We found 12 studies (6 modelling studies, 6 observational studies) on entry or exit screening, with and without quarantine, to contain the spread of COVID‐19. Based on data from three modelling studies, there may be a delay in the time to an outbreak, and between 10% to 53% of infected travellers would be detected. However, the results from the observational studies varied considerably, and we are uncertain about the proportion of people identified accurately as having COVID‐19 from these studies.
Only one modelling study examined quarantine measures for COVID‐19. It found fewer new cases due to imported cases where 14‐day quarantine was in place.

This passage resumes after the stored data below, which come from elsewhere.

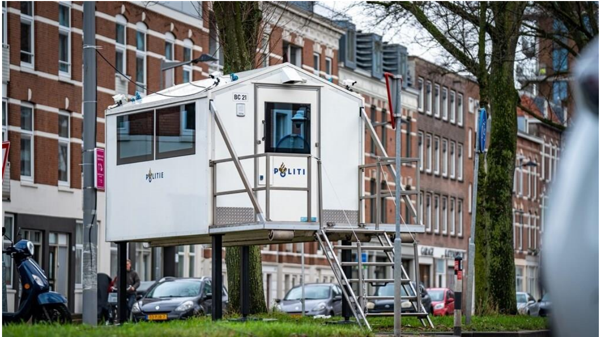
De politiepost bij Hugo de Jonge voor de deur.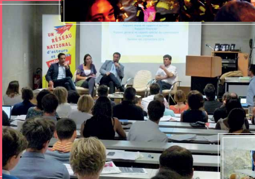
Les membres du bureau de l'Anacej lors de l'Assemblée générale, en juin 2015, à Figeac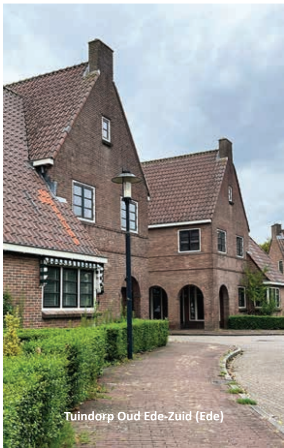
Tuindorp Oud Ede-Zuid (Ede)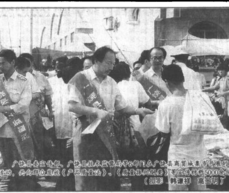
广饶县县委、县政府在广饶县县委党校为县内各界举办的“双拥”宣传月活动，共有群众参加《产品展销会》、《双拥知识竞赛》等系列活动500余场。

新的思想观念对个体私营经济的发展起了巨大的推动作用，招商引资工作迈出了新的步伐，个体私营户迅速发展。目前，刘家居委会各类商户470户，从业人员达900人，其中本居参与人员达300人，个体私营经济的迅猛发展，带动了居委会房租、饮食、运输、服务等相关行业的发展，使第三产业的内部构成进一步合理。1997年，刘家居委会个体私营经济总收入达1.5亿元，居民人均纯收入达5000元。(房金玲)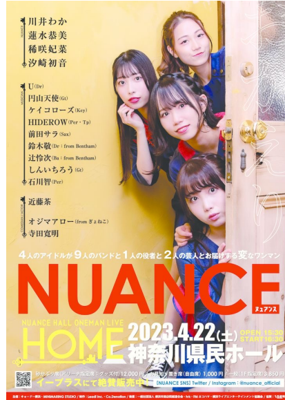
NUANCE 神奈川県民ホールワンマン[HOME] (2023,4/22 神奈川県民ホール)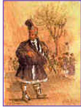
Dibujo de Jesús Asunción

XVIII, caracterizado por la especial indumentaria de estantes (nazarenos que portan los pasos) y mayordomos (nazarenos que rigen la procesión). Ambos llevan un capuz (forma murciana de llamar al capirote) corto y romo que no tiene la forma cónica habitual del resto de España y que deja el rostro al descubierto, contando con unas cintas de seda a ambos lados que hoy tienen una función decorativa pero que en la antigüedad servían para ajustar el capuz bajo la barbilla. Además, los estantes llevan la túnica recogida en la cintura formando un buche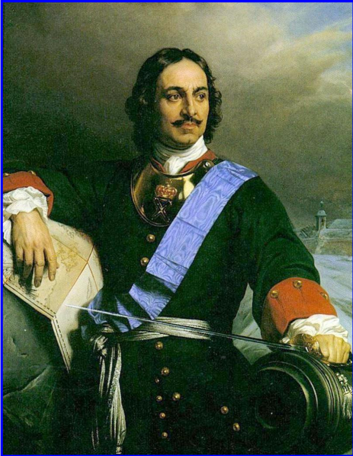
Петр I (1672-1725) – первый Российский император

Прочитайте раздел «Путешествие в прошлое»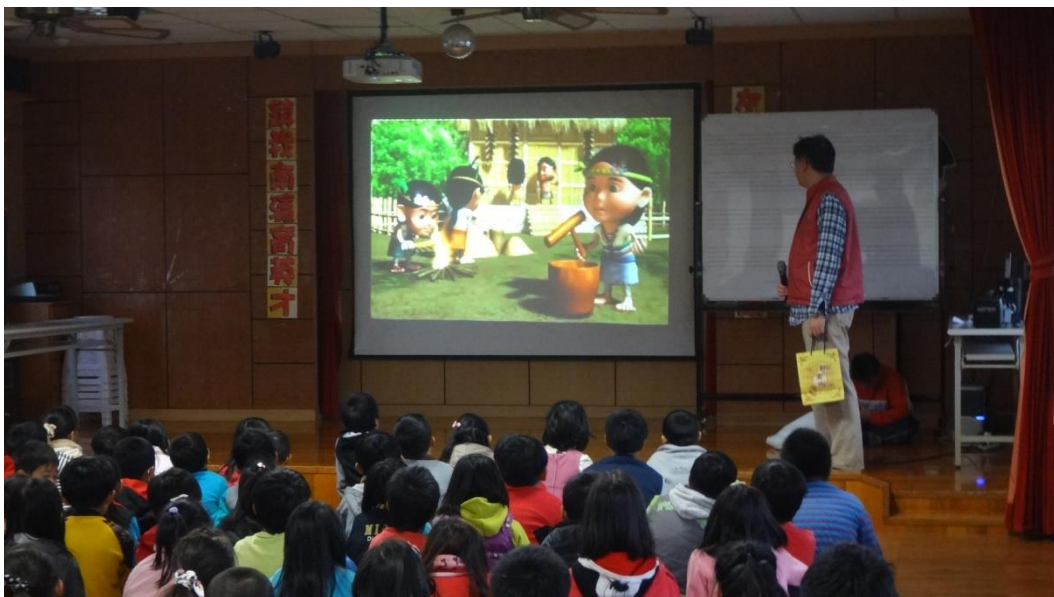
欣賞 西拉雅情人影片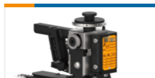
TE 产品编号2837316-1 OCEAN-2.0-APPLICATOR-S-055F070F-RSM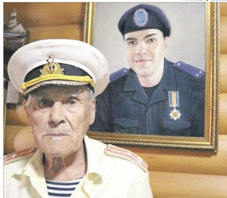
Дід захищав Україну в Другу світову, а онук — у війні з Росією.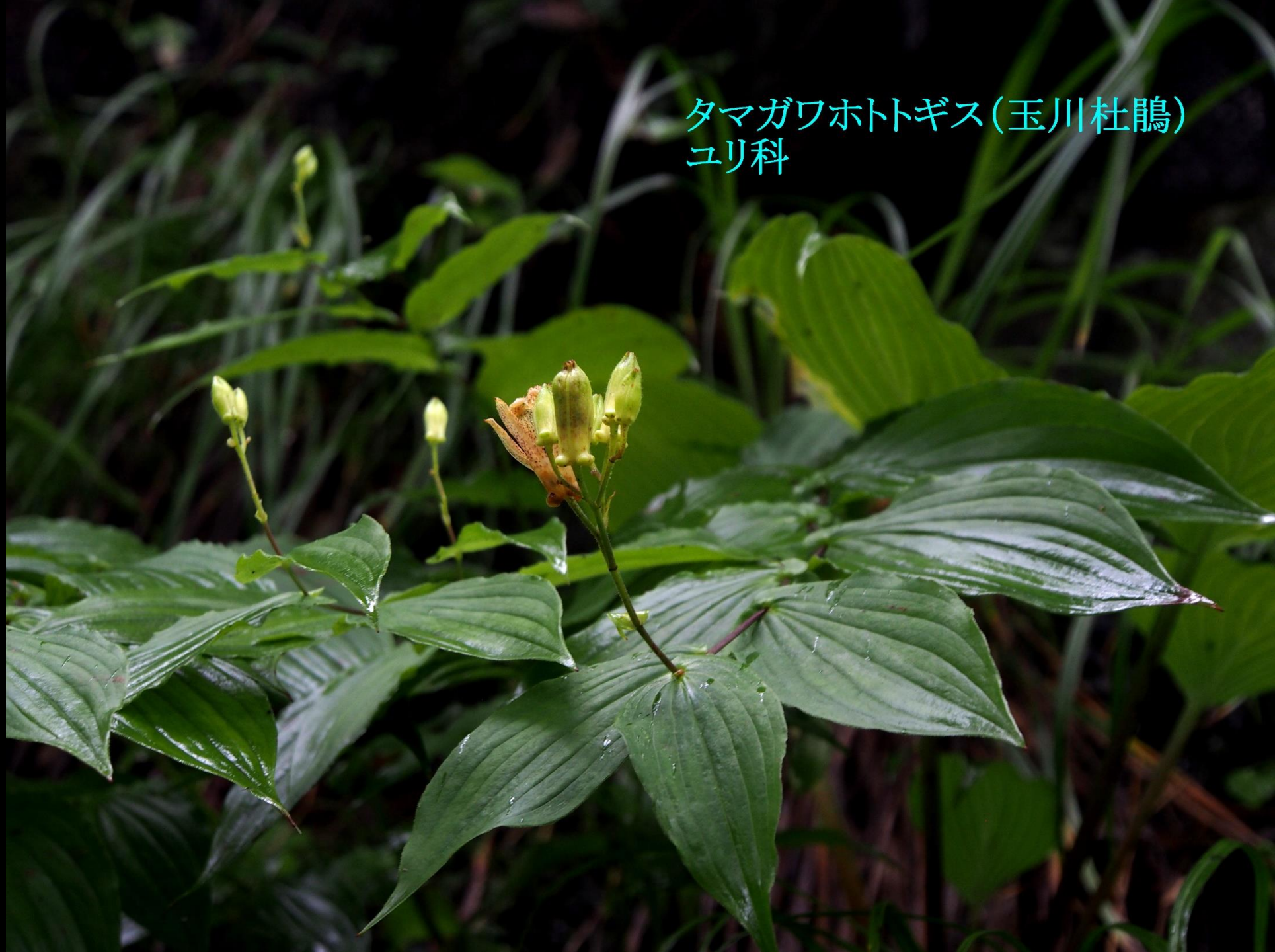
タマガワホトギス(玉川杜鵑) ユリ科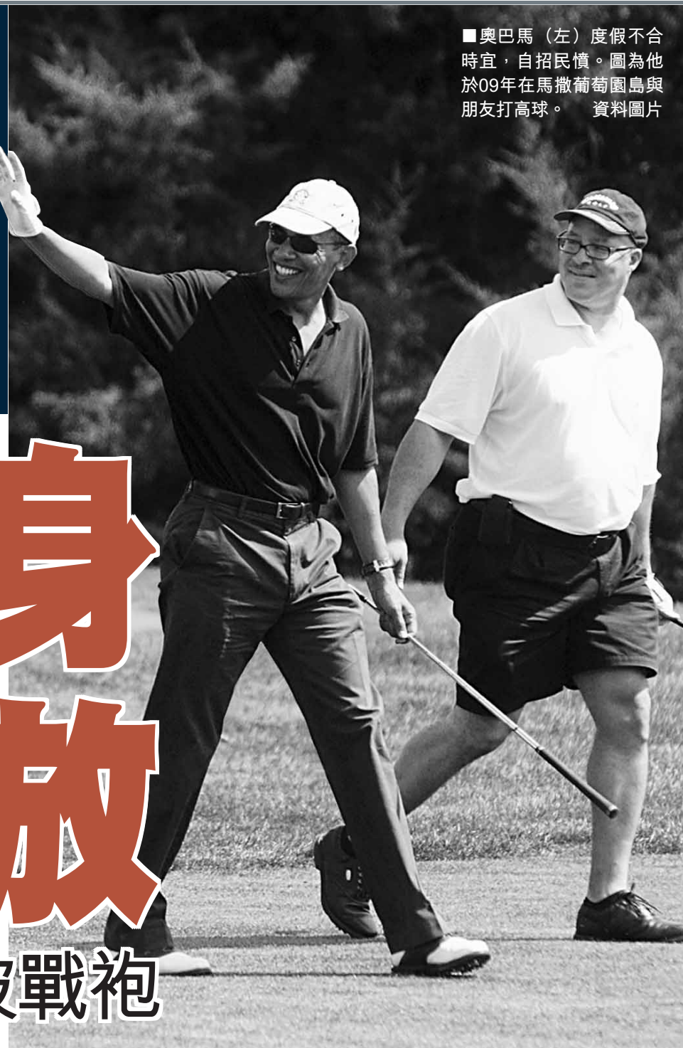
■奧巴馬(左)度假不合時宜，自招民憤。圖為他於09年在馬撒葡萄園島與朋友打高球。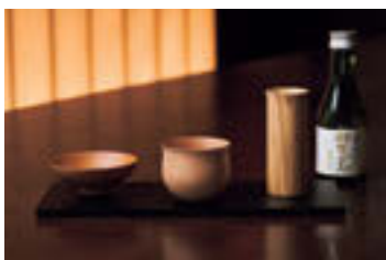
夕食時には違う形の器で飲み比べができる

手業のひとつき 「山中塗の木地師があつらえた無垢の酒器で日本酒を味わう体験」 期間: 2024年2月29日 までの平日 ※除外日: 12月28日~1月5日 時間: 宿泊初日 11:00AM~1:00PM~/3:00PM~のいずれか90分 場所: 工房なかじま(現地集合解散) 内容: 木地師の業を見学、酒器(器は完成後、ご自宅へ配送) 料金: 1名 12,000円(税込み、宿泊費別) 1日2組4名(1組あたり1名~4名) 予約: 公式サイトにて7日前までに要予約(事前に宿泊予約が必要)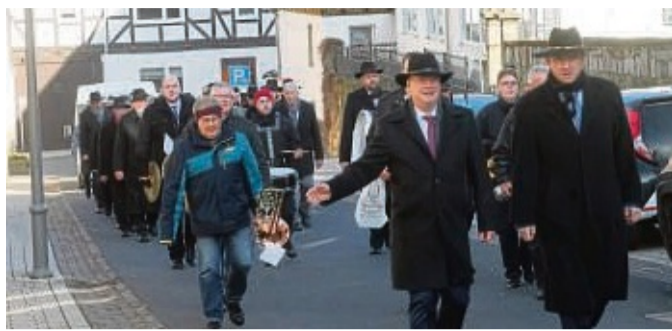
Marsch mit der Festkapelle durch die Stadt: Dieses Bild der Rohrbacher Bruderschaft Zierenberg entstand beim Jahresfest im vorigen Jahr.

Es geht dort los am Donnerstag, 1. Februar, 20 Uhr, mit dem Aufschroten des Festtagsbräu – in einer reinen Herrenrunde. Früher prüften die Brüder dabei das extra für das Fest gebräute Bier und nahmen zwischendurch auch einen hochprozentigen Schluck aus den altertümlichen Brant-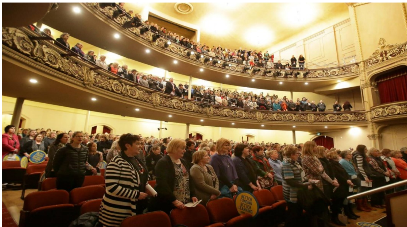
Sui o le NZEI i le itumalo o Southland e feoloolo foi le to'atele, faatasi ma sui o a'oga amata, e amana'ia foi so latou leo i taupulega a le iuni

E mana'omia e faia'oga se faiga e lagolagosua i a latou taumafaiga. Amata i se si'osi'omaga fiafia ma saogalemu. O le tasi mafua'aga na te'ena ai le ofo muamua, ona o le leai o se tali a le malo i le faafitauli o le to'atele o tamaiti i se vasega. Faapena foi se faiga e lagolago ai le pulea'oga ma e i le pulega sinia. O se tasi lea fe'au sa leotele lona faaleoga i le fono.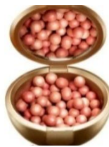
Gambar 2.4 Blush On Ball

Blush on ball bentuknya menyerupai warna-warni bola-bola kecil. Cukup dengan memutar kuat beberapa kali diatas bulatan tersebut dan warna sudah menempel pada kuas. Cocok digunakan untuk semua jenis kulit.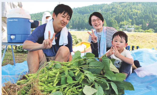
↑様々な年代の方が参加しました。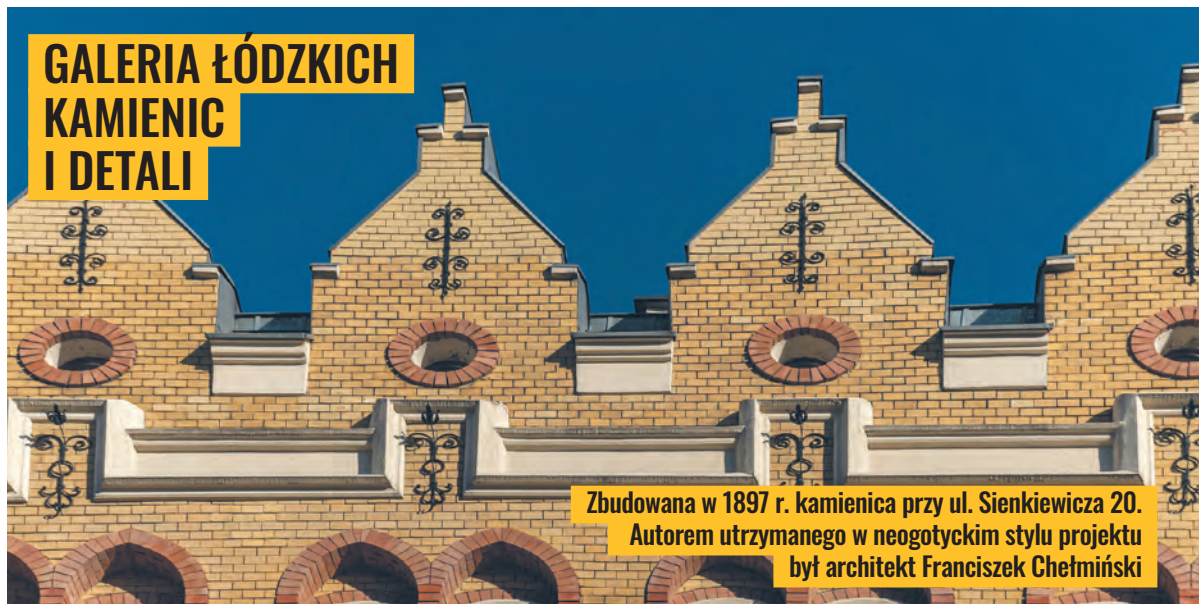
Zbudowana w 1897 r. kamienica przy ul. Sienkiewicza 20. Autorem utrzymanego w neogotyckim stylu projektu był architekt Franciszek Chełmiński

How reliable are these results?
Our confidence in these results is limited for several reasons. Most studies were not based on real‐life epidemics but on mathematical predictions. Their results depended on the assumptions that they made, not on real‐life data. Also, the studies were very different from each other and their results would probably vary according to the stage of the epidemic, the amount of cross‐border travel, other measures undertaken locally, and the extent of implementation and enforcement. Results of entry and exit screening studies might vary according to the screening method used and the level of infection among travellers. Also, some studies were published as ‘preprints’, which means they did not undergo the rigorous checks of most peer‐reviewed studies.
What this means
Overall, travel‐related control measures may help to limit the spread of disease across national borders. Cross‐border travel restrictions are probably more effective than entry and exit screening. Screening is likely to be more effective if combined with other measures, such as quarantine and observation. We found very little information on travel‐related quarantine as a stand‐alone measure and no information on costs or negative effects.